- What the task requires: Nothing but the line with "PUBLIC NOTICE 3, 2010." and the lines after it should appear, each retyped exactly as in the listing.

- Input:

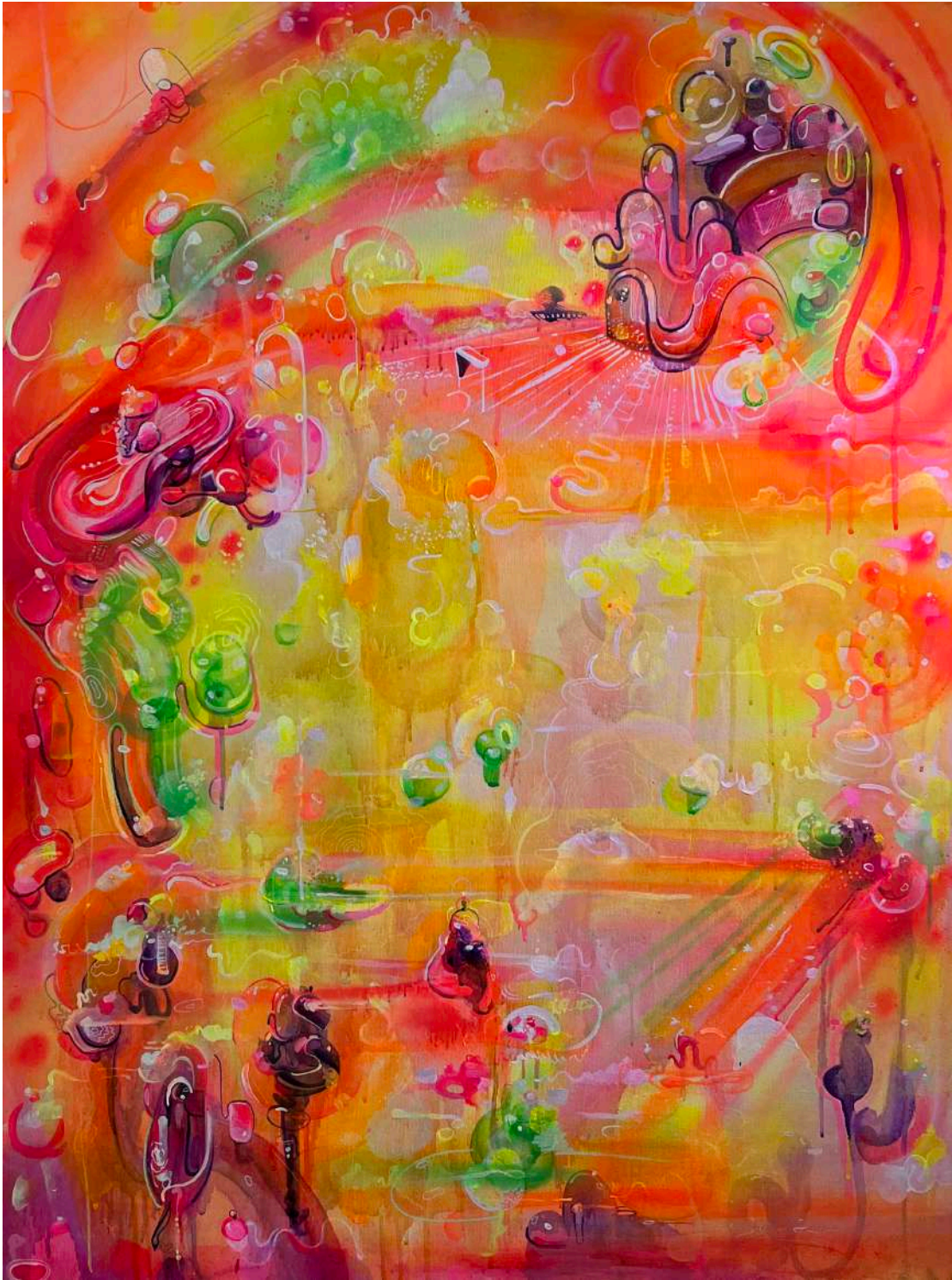
CERN Sonic Belligerence Mixed Media on Canvas 40" x 30" $9,500
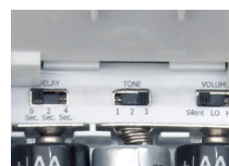
Volume, Tone, and Delay controls are kept out of sight in the battery compartment

ALERTS show when to replace the batteries or sensor pad and if there is a lost signal.
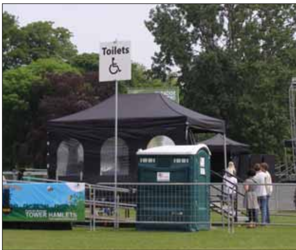
Accessible toilet sited by viewing platform.
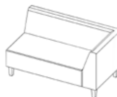
ELE2-CBL-W (Double seat with cor- ner arm on LEFT side whilst seated - wooden beech leg)
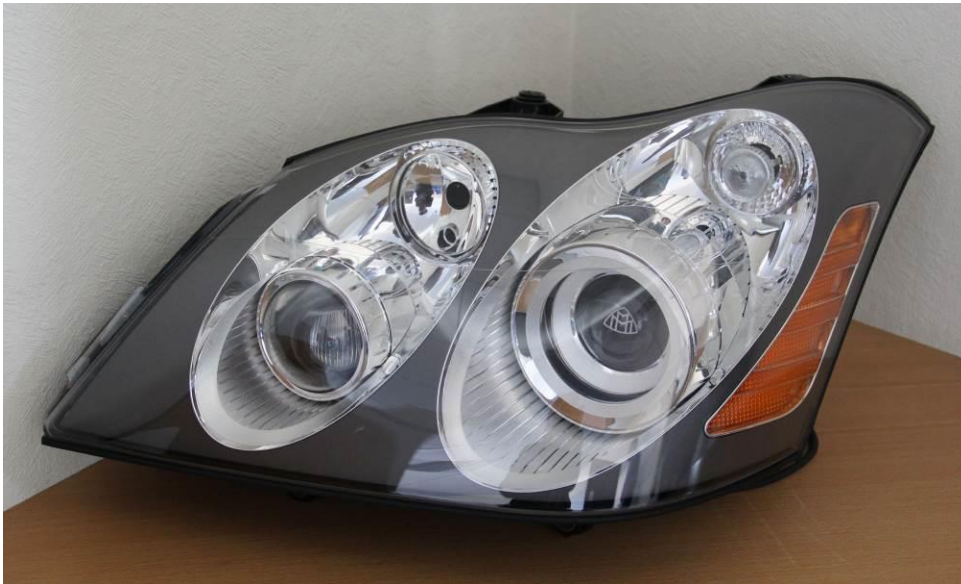
Fig. 6: Headlights
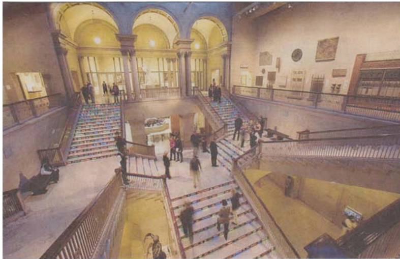
PUBLIC NOTICE 3, 2010. PHOTOGRAPH COURTESY JITISH KALLAT

THE TELEGRAPH (GRAPHITI), September 22, 2013

- Answer to this exercise:
PUBLIC NOTICE 3, 2010. PHOTOGRAPH COURTESY JITISH KALLAT

THE TELEGRAPH (GRAPHITI), September 22, 2013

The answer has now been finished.